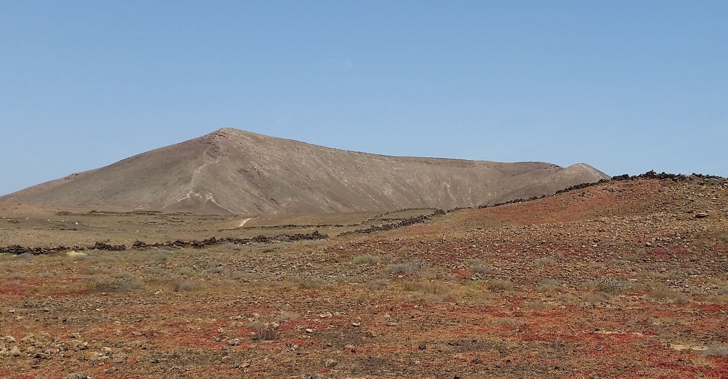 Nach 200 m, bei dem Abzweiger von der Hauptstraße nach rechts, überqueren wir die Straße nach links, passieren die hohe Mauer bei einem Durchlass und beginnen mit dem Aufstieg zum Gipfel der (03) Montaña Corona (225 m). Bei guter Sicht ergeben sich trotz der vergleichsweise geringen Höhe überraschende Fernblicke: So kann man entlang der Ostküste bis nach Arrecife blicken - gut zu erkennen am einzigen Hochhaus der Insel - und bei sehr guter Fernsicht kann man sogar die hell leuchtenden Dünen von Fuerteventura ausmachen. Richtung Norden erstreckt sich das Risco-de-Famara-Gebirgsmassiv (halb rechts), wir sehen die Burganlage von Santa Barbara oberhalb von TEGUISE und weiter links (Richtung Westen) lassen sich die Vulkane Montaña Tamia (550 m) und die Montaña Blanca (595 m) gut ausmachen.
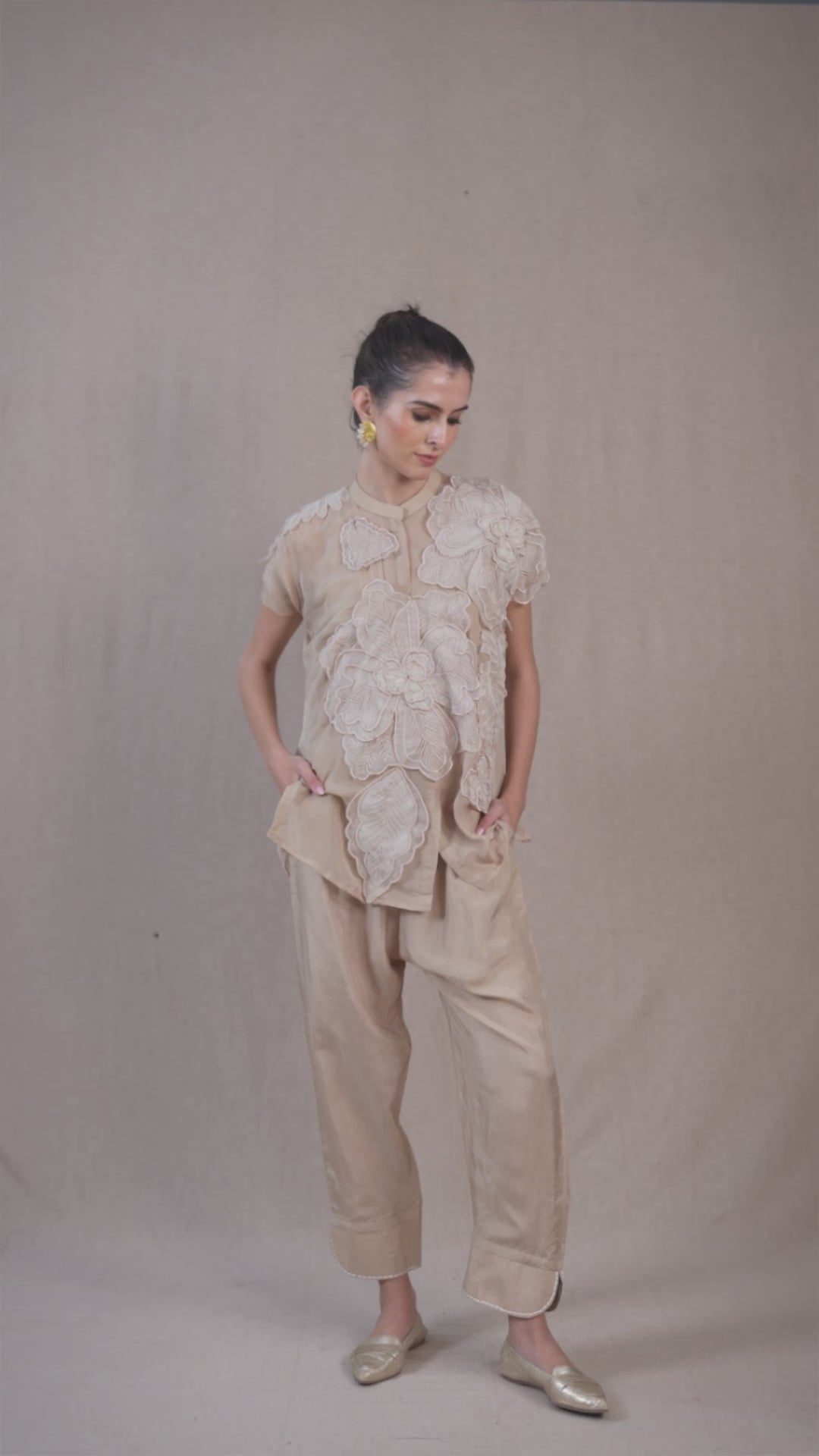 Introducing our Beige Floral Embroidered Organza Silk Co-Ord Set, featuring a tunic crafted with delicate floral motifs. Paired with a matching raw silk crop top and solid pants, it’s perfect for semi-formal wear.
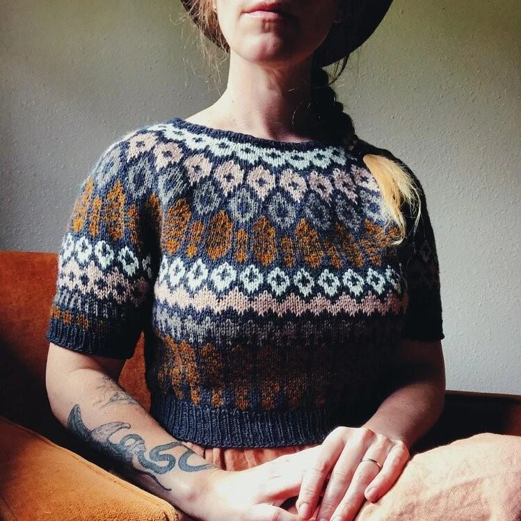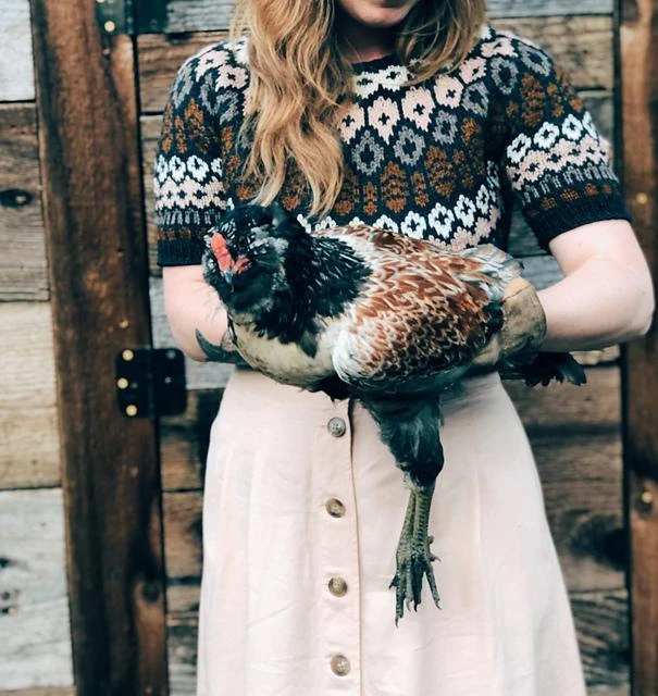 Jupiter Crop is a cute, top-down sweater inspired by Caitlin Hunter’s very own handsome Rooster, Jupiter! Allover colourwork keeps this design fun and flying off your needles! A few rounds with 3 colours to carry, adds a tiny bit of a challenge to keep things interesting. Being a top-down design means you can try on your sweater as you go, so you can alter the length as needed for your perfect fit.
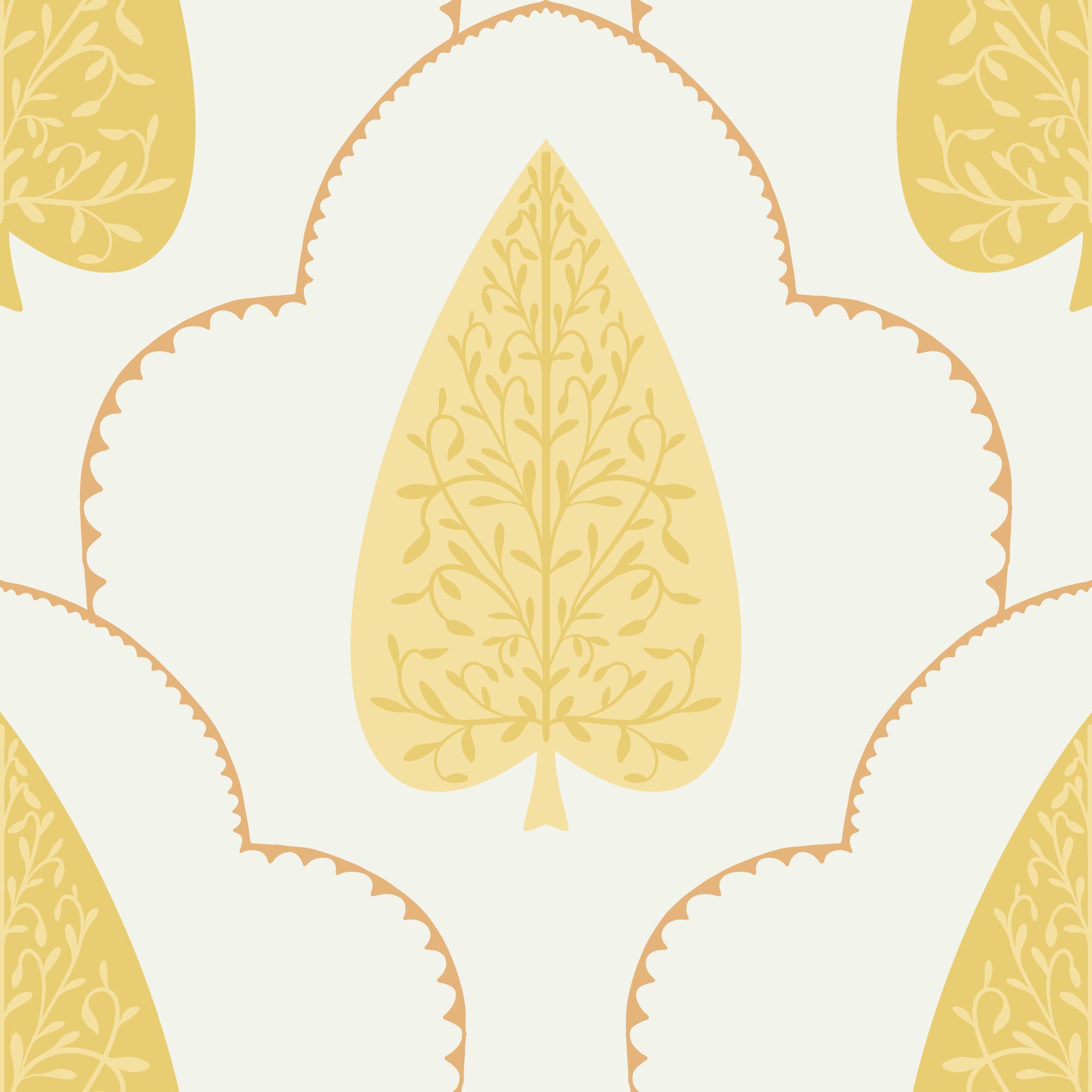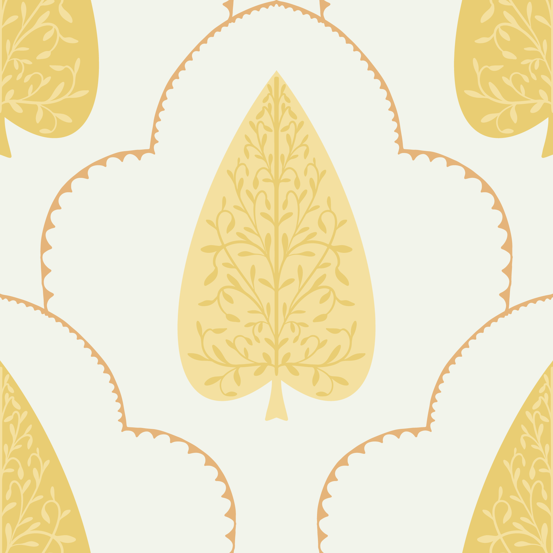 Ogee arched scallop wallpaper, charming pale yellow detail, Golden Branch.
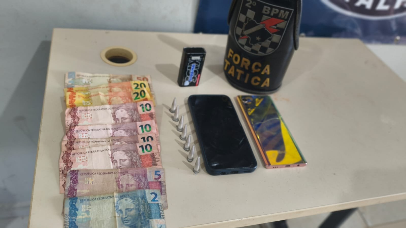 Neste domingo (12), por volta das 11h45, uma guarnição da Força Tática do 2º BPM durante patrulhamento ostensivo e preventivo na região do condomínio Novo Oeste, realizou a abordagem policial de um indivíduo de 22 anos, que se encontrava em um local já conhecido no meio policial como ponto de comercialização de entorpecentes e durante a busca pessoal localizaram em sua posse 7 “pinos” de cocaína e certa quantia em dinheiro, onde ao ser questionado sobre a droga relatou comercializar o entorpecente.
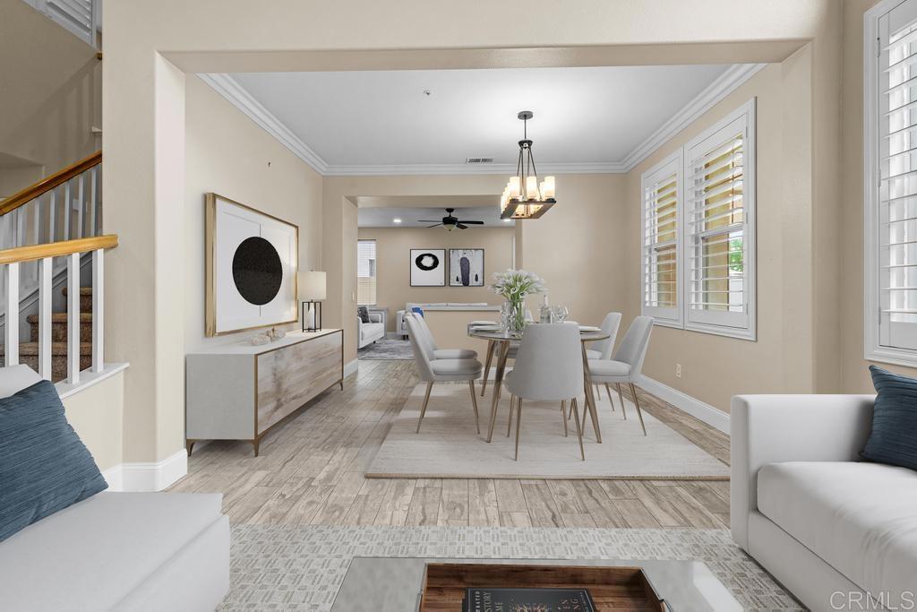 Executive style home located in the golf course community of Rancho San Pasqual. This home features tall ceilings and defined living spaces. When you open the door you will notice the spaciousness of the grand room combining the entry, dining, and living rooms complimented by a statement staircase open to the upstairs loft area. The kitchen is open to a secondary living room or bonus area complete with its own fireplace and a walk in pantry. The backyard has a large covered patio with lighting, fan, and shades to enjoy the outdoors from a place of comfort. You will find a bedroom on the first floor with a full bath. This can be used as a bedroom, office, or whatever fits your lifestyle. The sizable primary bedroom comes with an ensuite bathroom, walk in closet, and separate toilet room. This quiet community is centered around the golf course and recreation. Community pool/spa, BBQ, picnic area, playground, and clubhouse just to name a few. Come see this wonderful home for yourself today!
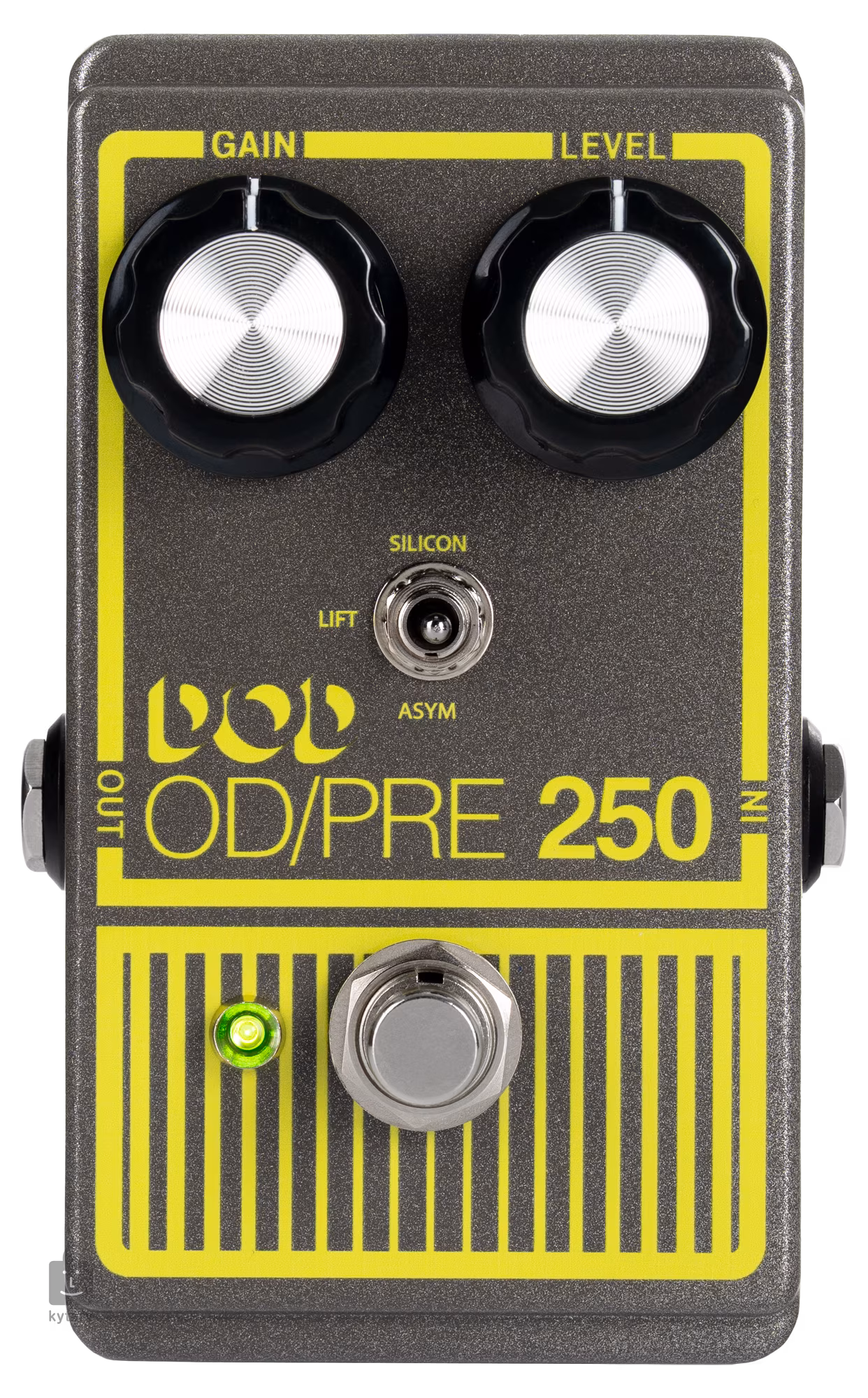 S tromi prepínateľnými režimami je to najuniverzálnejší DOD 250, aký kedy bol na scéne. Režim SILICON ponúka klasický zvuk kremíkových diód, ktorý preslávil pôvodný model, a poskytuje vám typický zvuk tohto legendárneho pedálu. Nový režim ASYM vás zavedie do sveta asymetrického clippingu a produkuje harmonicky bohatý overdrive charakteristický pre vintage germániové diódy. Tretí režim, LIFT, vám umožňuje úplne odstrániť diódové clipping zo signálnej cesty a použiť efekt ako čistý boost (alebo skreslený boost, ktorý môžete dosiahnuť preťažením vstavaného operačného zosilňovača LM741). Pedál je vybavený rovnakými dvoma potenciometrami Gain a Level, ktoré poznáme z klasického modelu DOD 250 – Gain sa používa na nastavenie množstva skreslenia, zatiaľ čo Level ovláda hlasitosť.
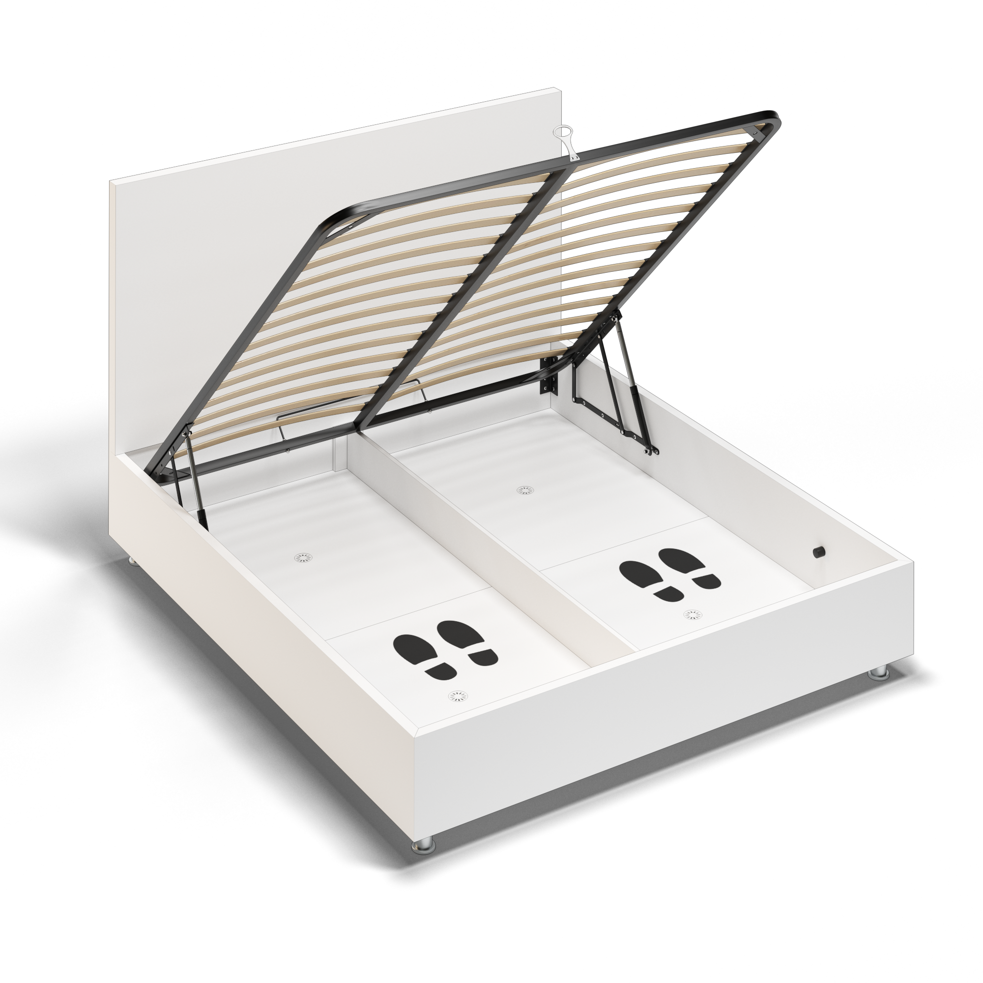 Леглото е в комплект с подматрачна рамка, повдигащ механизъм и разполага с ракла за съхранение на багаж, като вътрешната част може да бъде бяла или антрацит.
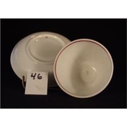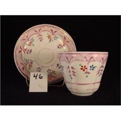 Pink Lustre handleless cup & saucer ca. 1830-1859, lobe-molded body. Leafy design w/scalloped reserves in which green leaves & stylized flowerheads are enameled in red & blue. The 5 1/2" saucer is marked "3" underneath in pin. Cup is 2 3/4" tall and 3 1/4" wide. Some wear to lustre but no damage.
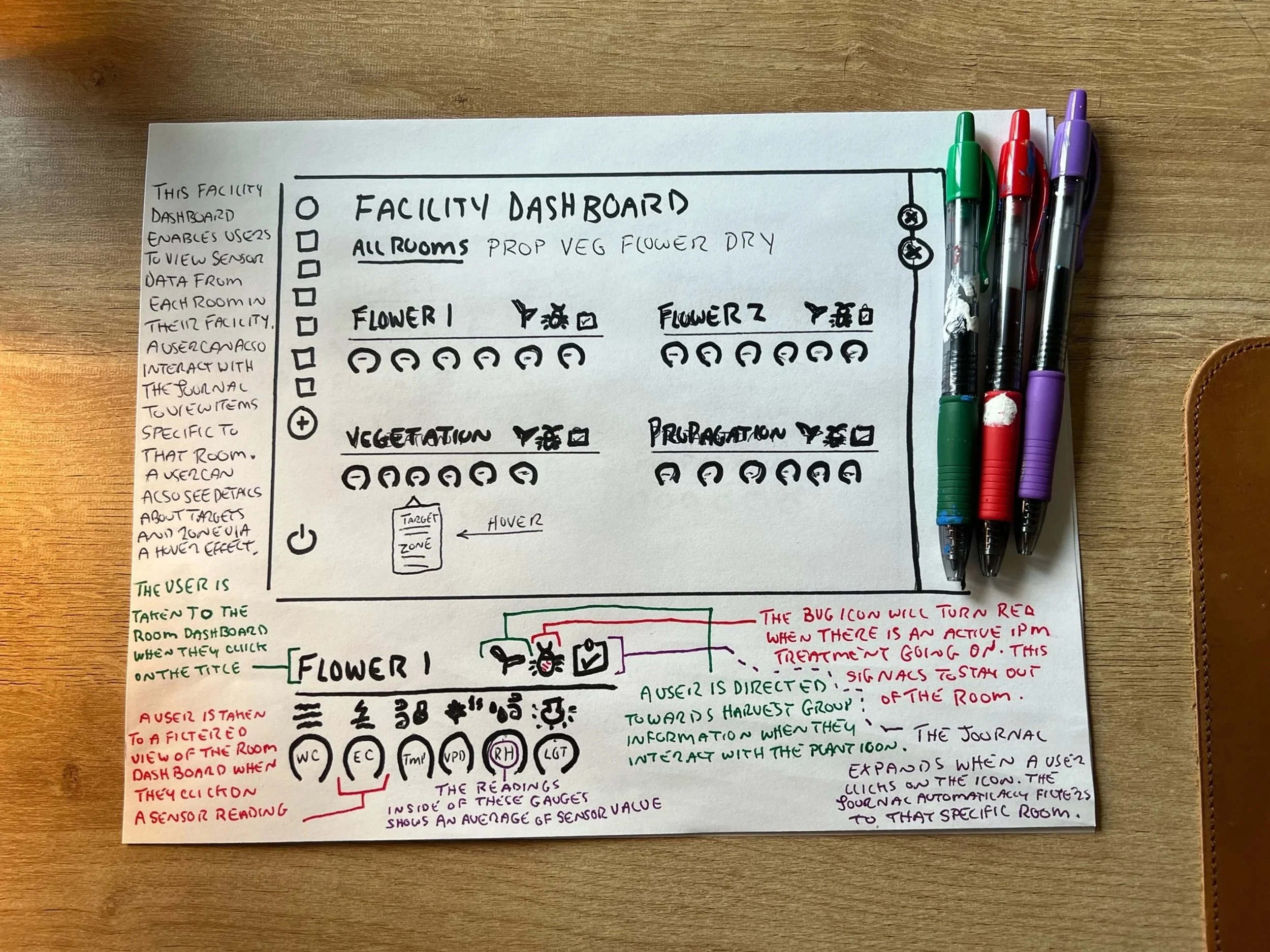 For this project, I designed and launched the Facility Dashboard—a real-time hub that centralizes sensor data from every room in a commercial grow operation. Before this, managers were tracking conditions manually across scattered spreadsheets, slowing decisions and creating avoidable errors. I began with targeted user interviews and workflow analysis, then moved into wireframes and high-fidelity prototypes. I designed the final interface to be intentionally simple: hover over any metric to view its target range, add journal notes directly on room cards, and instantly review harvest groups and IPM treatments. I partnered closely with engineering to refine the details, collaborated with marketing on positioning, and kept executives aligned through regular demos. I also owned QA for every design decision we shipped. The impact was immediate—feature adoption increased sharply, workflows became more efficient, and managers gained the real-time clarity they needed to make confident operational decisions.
--*--
> [What the exercise asks]:
Repeat only what runs from the first line of the records above to the line with "Ogee arched scallop", both included, word for word, minus the pictures.

> [Exercise output]:
 Nach 200 m, bei dem Abzweiger von der Hauptstraße nach rechts, überqueren wir die Straße nach links, passieren die hohe Mauer bei einem Durchlass und beginnen mit dem Aufstieg zum Gipfel der (03) Montaña Corona (225 m). Bei guter Sicht ergeben sich trotz der vergleichsweise geringen Höhe überraschende Fernblicke: So kann man entlang der Ostküste bis nach Arrecife blicken - gut zu erkennen am einzigen Hochhaus der Insel - und bei sehr guter Fernsicht kann man sogar die hell leuchtenden Dünen von Fuerteventura ausmachen. Richtung Norden erstreckt sich das Risco-de-Famara-Gebirgsmassiv (halb rechts), wir sehen die Burganlage von Santa Barbara oberhalb von TEGUISE und weiter links (Richtung Westen) lassen sich die Vulkane Montaña Tamia (550 m) und die Montaña Blanca (595 m) gut ausmachen.
 Introducing our Beige Floral Embroidered Organza Silk Co-Ord Set, featuring a tunic crafted with delicate floral motifs. Paired with a matching raw silk crop top and solid pants, it’s perfect for semi-formal wear.
 Jupiter Crop is a cute, top-down sweater inspired by Caitlin Hunter’s very own handsome Rooster, Jupiter! Allover colourwork keeps this design fun and flying off your needles! A few rounds with 3 colours to carry, adds a tiny bit of a challenge to keep things interesting. Being a top-down design means you can try on your sweater as you go, so you can alter the length as needed for your perfect fit.
 Ogee arched scallop wallpaper, charming pale yellow detail, Golden Branch.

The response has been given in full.